* _Data to use_:

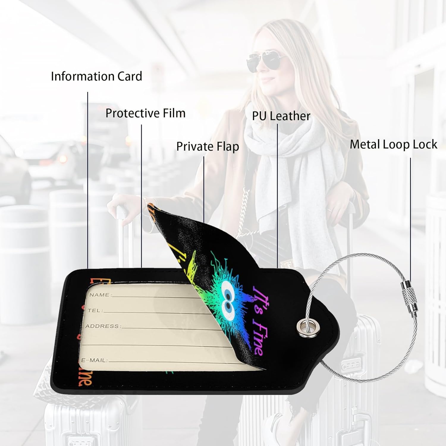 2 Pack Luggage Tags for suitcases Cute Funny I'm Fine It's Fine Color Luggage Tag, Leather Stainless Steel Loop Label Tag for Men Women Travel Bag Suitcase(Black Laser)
* * *
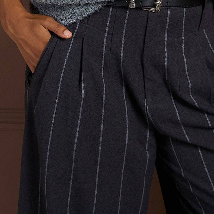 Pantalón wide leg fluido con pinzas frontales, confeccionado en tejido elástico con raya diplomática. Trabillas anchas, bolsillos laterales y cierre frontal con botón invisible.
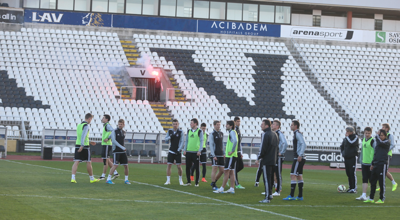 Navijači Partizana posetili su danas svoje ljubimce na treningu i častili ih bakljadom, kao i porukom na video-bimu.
* * *
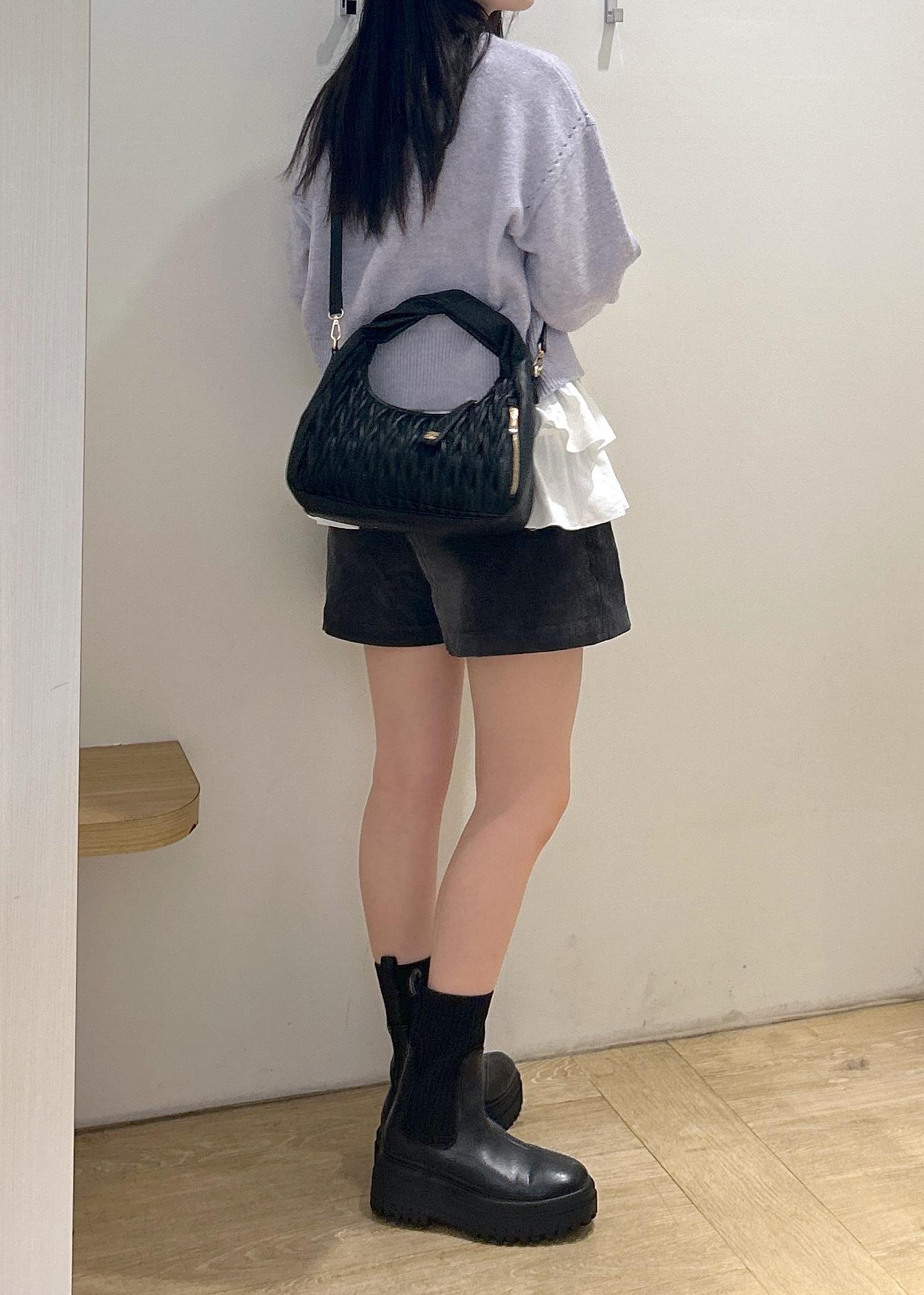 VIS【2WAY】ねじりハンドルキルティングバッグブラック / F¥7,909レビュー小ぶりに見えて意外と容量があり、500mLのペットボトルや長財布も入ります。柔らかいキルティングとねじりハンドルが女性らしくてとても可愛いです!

* _What to produce_:
What you return must match the lines above from the one with "Pantalón wide leg" through the one with "Navijači Partizana posetili" exactly, with both ends included and the pictures excluded.

* _Response to this task_:
 Pantalón wide leg fluido con pinzas frontales, confeccionado en tejido elástico con raya diplomática. Trabillas anchas, bolsillos laterales y cierre frontal con botón invisible.
 Navijači Partizana posetili su danas svoje ljubimce na treningu i častili ih bakljadom, kao i porukom na video-bimu.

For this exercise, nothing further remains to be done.